> **TO DO**: Your task is to repeat the lines below exactly, excluding any pictures they contain.

[Start of section]

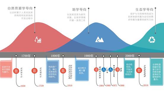 近日,中国科学院成都生物研究所的陈槐研究员及其团队通过对泥炭沼泽研究的专著和文献进行分析,对泥炭沼泽湿地研究的历史沿革及泥炭沼泽湿地若干问题进行了初步阐释。研究发现(图2):从泥炭沼泽研究的历史沿革与态势来看,泥炭沼泽研究大体经历了三个时期,第一个时期到18世纪,是自然资源学导向研究为主的时期,大多数研究着眼于泥炭利用与泥炭地开发;第二时期从19世纪到20世纪,是地学导向为主的时期,大多数研究集中于泥炭沼泽地学方面的研究,沼泽的保护和可持续利用20世纪受到广泛关注;第三个时期从21世纪开始,是生态学导向为主的时期,泥炭沼泽研究已经走上了国际化和可持续发展研究为主的道路,主要侧重于环境及气候变化条件下泥炭地的反馈,泥炭地保护及大自然贡献提升等方面。
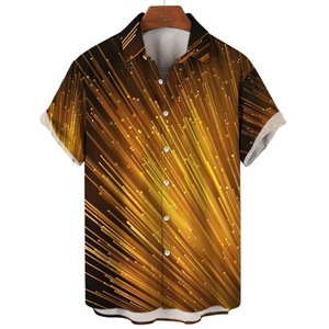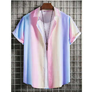 2024シンプルグラデーションハワイシャツメンズカラーメンズシャツ3dプリントカジュアル半袖ビーチパーティー
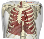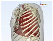 手术当日在患者体表骨性标记点处放置电极片作为影像匹配用标记点。嘱患者平卧位双侧手臂置于身体两侧,行胸部CT平扫检查。利用该CT所得影像学资料,术前对患者胸壁皮肤及体表标记、肋骨、肿瘤和肺组织进行三维重建。通过术前胸部CT可知,肿瘤平对左侧第3肋骨上缘,因此在三维重建模型中添加由肿瘤向体表垂直方向的辅助线,通过第3肋骨上缘,长度与拟使用的穿刺定位hookwire定位针等长(全长10.7 cm)。
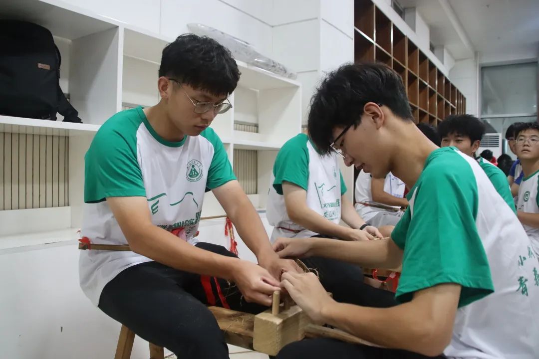 “打草鞋来,草鞋好,草鞋是咱们的传家宝。穿上草鞋,走如飞,险山恶水,当平道。”一堂以“学习红军艰苦精神”为主题的草鞋编织教学呈现在队员面前。两位老乡进行亲身指导示范。“一系一搓一挽一编一压一敲,草鞋轻松编”在老师手把手的指导下,员工们有模有样地编起来,一条麻绳一上一下,经纬交织,时而散开,时而收拢,如穿梭一般,一股一股地编上去。
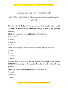 MÔN: TI NG ANH - KH I 12 Th i gian làm bài: 60 phút (không k th i gianẾ Ố ờ ể ờ
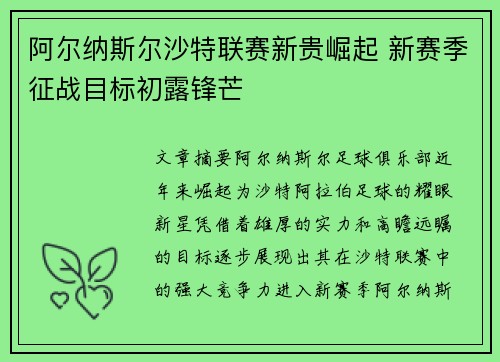 阿尔纳斯尔沙特联赛新贵崛起 新赛季征战目标初露锋芒
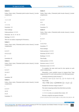 5. 5. Nov Appro in Can Study Copyright © Jean-claude Perez 5/9 How to cite this article: Jean-claude P. Cancer, Quantum Computing and TP53 Tumor Suppressor Gene Mutations Prediction. Nov Appro in Can Study. 1(2). NACS.000507.2018. DOI: 10.31031/NACS.2018.01.000507 Volume 1 - Issue - 2 Codon 5: Codon / Basic codes / Potentials (with circular closure) / circular complements: ! -1 -2 -1 -2 0 0 -1 -3 -4 -6 Cumulates: -14 Final rankings: Codon positions: 1 2 3 4 5 Potentials: -20 -21 -17 -18 -14 Rankings: 2 1 4 3 5 Then we run similar computing for Proteomics... Codon 1: Codon / Basic codes / Potentials (with circular closure) / circular complements: ! 6 2 4 4 7 6 8 12 16 23 0 Cumulates: 65 Codon 2: Codon / Basic codes / Potentials (with circular closure) / circular complements: ! 6 2 4 4 7 2 6 10 17 23 Cumulates: 58 Codon 3: Codon / Basic codes / Potentials (with circular closure) / circular complements: ! 6 2 4 4 7 4 8 15 21 23 Cumulates: 71 Codon 4: Codon / Basic codes / Potentials (with circular closure) / circular complements: ! 6 2 4 4 7 4 11 17 19 23 Cumulates: 74 Codon 5: Codon / Basic codes / Potentials (with circular closure) / circular complements: ! 6 2 4 4 7 7 13 15 19 23 Cumulates: 77 Final rankings: Codon positions: 1 2 3 4 5 Potentials: 65 58 71 74 77 Rankings: 2 1 3 4 5 Then finally: Codon position: 1 2 3 4 5 Genomics vector: 2 1 4 3 5 Proteomics vector: 2 1 3 4 5 To complete, the same work must be also operate on each codon reading frame... Meanwhile, a more synthetic means to compute these “long range potentials” for each codon position is the following formula: Cumulate potential of codon location “i” ( ) ( ) ( ) ( ) ( ) ( ) ( )( ) ( )( )1 . 1 2 . 2 .... 1 1 . 1P i np i n p i n p i n n p i n = + − + + − + + − − + −         Then finally, ( ) ( ) ( ) ( )0, 1 .P i FORj n DOSIGMA n J p i j= = − + − +       Example for Genomics image of codon “i” The initial computing method described above provides: -1 -2 -1 -2 0... ==> -1 -3 -4 -6 -6...then, we cumulate these values: -20 Becomes, using this new generic formula: ( ) ( ) ( ) ( ) ( ) ( ) ( ) ( ) ( )1 5 2 4 1 3 2 2 0 1 5 8 3 4 0 20− × + − × + − × + − × + × = − + − + − + − + =−
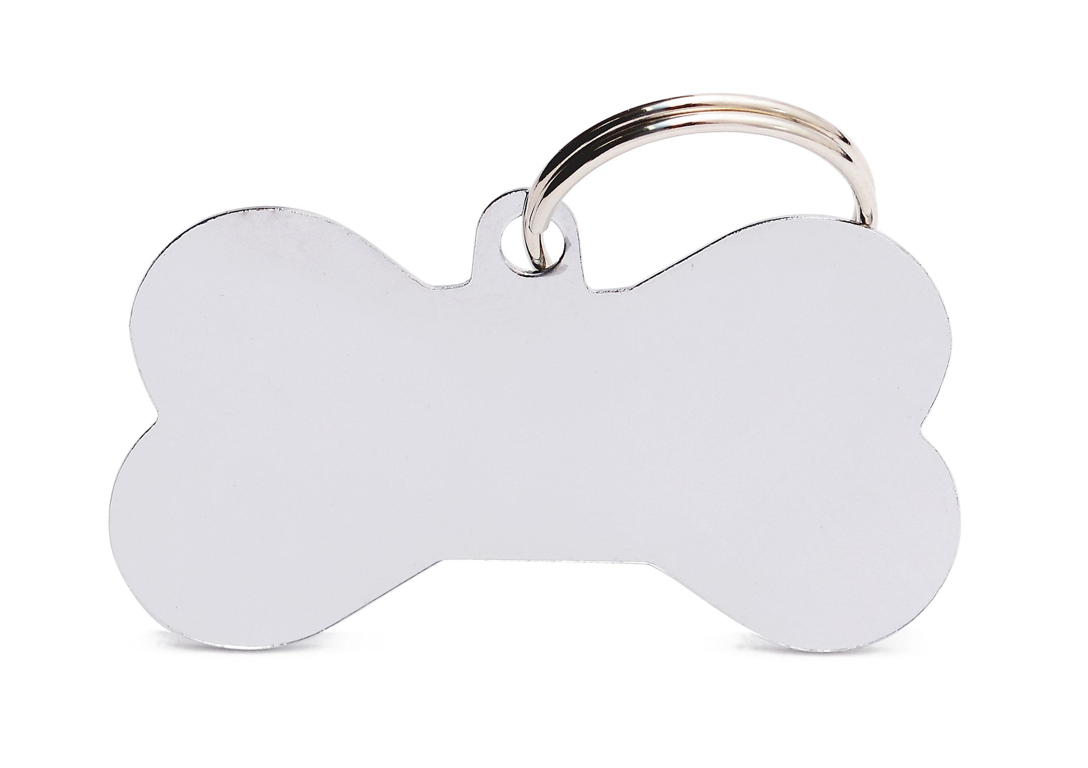 Uma bela placa de identificação para cães em formato Ossinho Horizontal com toda resistência e durabilidade da resina.
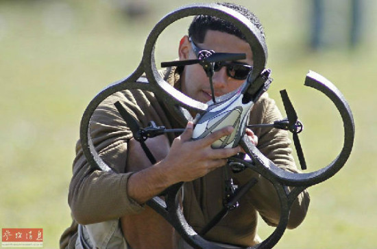 2011年11月11日,在美国佛罗里达州的皮尔斯堡,一名海豹突击队技术人员在调整无人机设备。新华社/路透
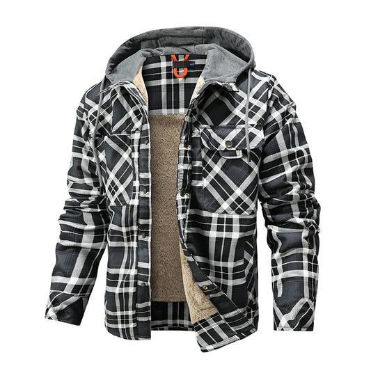 Men Warm Jacket Fleece Lining Lumberjack Plaid Hooded Jackets Snap Button
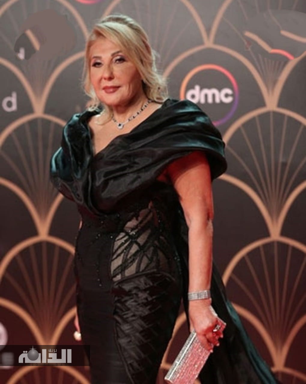 وظهرت الفنانة سلمي أبوضيف ببدلة جريئة باللون الأسود اللامع، تتميز بأنها مكشوفة عند منطقة الصدر، وبماكياج ناعم، واختارت أن تترك خصلات شعرها منسدلًا على كتفيها.

[End of section]

> **EXERCISE RESULT**:
 近日,中国科学院成都生物研究所的陈槐研究员及其团队通过对泥炭沼泽研究的专著和文献进行分析,对泥炭沼泽湿地研究的历史沿革及泥炭沼泽湿地若干问题进行了初步阐释。研究发现(图2):从泥炭沼泽研究的历史沿革与态势来看,泥炭沼泽研究大体经历了三个时期,第一个时期到18世纪,是自然资源学导向研究为主的时期,大多数研究着眼于泥炭利用与泥炭地开发;第二时期从19世纪到20世纪,是地学导向为主的时期,大多数研究集中于泥炭沼泽地学方面的研究,沼泽的保护和可持续利用20世纪受到广泛关注;第三个时期从21世纪开始,是生态学导向为主的时期,泥炭沼泽研究已经走上了国际化和可持续发展研究为主的道路,主要侧重于环境及气候变化条件下泥炭地的反馈,泥炭地保护及大自然贡献提升等方面。
 2024シンプルグラデーションハワイシャツメンズカラーメンズシャツ3dプリントカジュアル半袖ビーチパーティー
 手术当日在患者体表骨性标记点处放置电极片作为影像匹配用标记点。嘱患者平卧位双侧手臂置于身体两侧,行胸部CT平扫检查。利用该CT所得影像学资料,术前对患者胸壁皮肤及体表标记、肋骨、肿瘤和肺组织进行三维重建。通过术前胸部CT可知,肿瘤平对左侧第3肋骨上缘,因此在三维重建模型中添加由肿瘤向体表垂直方向的辅助线,通过第3肋骨上缘,长度与拟使用的穿刺定位hookwire定位针等长(全长10.7 cm)。
 “打草鞋来,草鞋好,草鞋是咱们的传家宝。穿上草鞋,走如飞,险山恶水,当平道。”一堂以“学习红军艰苦精神”为主题的草鞋编织教学呈现在队员面前。两位老乡进行亲身指导示范。“一系一搓一挽一编一压一敲,草鞋轻松编”在老师手把手的指导下,员工们有模有样地编起来,一条麻绳一上一下,经纬交织,时而散开,时而收拢,如穿梭一般,一股一股地编上去。
 MÔN: TI NG ANH - KH I 12 Th i gian làm bài: 60 phút (không k th i gianẾ Ố ờ ể ờ
 阿尔纳斯尔沙特联赛新贵崛起 新赛季征战目标初露锋芒
 5. 5. Nov Appro in Can Study Copyright © Jean-claude Perez 5/9 How to cite this article: Jean-claude P. Cancer, Quantum Computing and TP53 Tumor Suppressor Gene Mutations Prediction. Nov Appro in Can Study. 1(2). NACS.000507.2018. DOI: 10.31031/NACS.2018.01.000507 Volume 1 - Issue - 2 Codon 5: Codon / Basic codes / Potentials (with circular closure) / circular complements: ! -1 -2 -1 -2 0 0 -1 -3 -4 -6 Cumulates: -14 Final rankings: Codon positions: 1 2 3 4 5 Potentials: -20 -21 -17 -18 -14 Rankings: 2 1 4 3 5 Then we run similar computing for Proteomics... Codon 1: Codon / Basic codes / Potentials (with circular closure) / circular complements: ! 6 2 4 4 7 6 8 12 16 23 0 Cumulates: 65 Codon 2: Codon / Basic codes / Potentials (with circular closure) / circular complements: ! 6 2 4 4 7 2 6 10 17 23 Cumulates: 58 Codon 3: Codon / Basic codes / Potentials (with circular closure) / circular complements: ! 6 2 4 4 7 4 8 15 21 23 Cumulates: 71 Codon 4: Codon / Basic codes / Potentials (with circular closure) / circular complements: ! 6 2 4 4 7 4 11 17 19 23 Cumulates: 74 Codon 5: Codon / Basic codes / Potentials (with circular closure) / circular complements: ! 6 2 4 4 7 7 13 15 19 23 Cumulates: 77 Final rankings: Codon positions: 1 2 3 4 5 Potentials: 65 58 71 74 77 Rankings: 2 1 3 4 5 Then finally: Codon position: 1 2 3 4 5 Genomics vector: 2 1 4 3 5 Proteomics vector: 2 1 3 4 5 To complete, the same work must be also operate on each codon reading frame... Meanwhile, a more synthetic means to compute these “long range potentials” for each codon position is the following formula: Cumulate potential of codon location “i” ( ) ( ) ( ) ( ) ( ) ( ) ( )( ) ( )( )1 . 1 2 . 2 .... 1 1 . 1P i np i n p i n p i n n p i n = + − + + − + + − − + −         Then finally, ( ) ( ) ( ) ( )0, 1 .P i FORj n DOSIGMA n J p i j= = − + − +       Example for Genomics image of codon “i” The initial computing method described above provides: -1 -2 -1 -2 0... ==> -1 -3 -4 -6 -6...then, we cumulate these values: -20 Becomes, using this new generic formula: ( ) ( ) ( ) ( ) ( ) ( ) ( ) ( ) ( )1 5 2 4 1 3 2 2 0 1 5 8 3 4 0 20− × + − × + − × + − × + × = − + − + − + − + =−
 Uma bela placa de identificação para cães em formato Ossinho Horizontal com toda resistência e durabilidade da resina.
 2011年11月11日,在美国佛罗里达州的皮尔斯堡,一名海豹突击队技术人员在调整无人机设备。新华社/路透
 Men Warm Jacket Fleece Lining Lumberjack Plaid Hooded Jackets Snap Button
 وظهرت الفنانة سلمي أبوضيف ببدلة جريئة باللون الأسود اللامع، تتميز بأنها مكشوفة عند منطقة الصدر، وبماكياج ناعم، واختارت أن تترك خصلات شعرها منسدلًا على كتفيها.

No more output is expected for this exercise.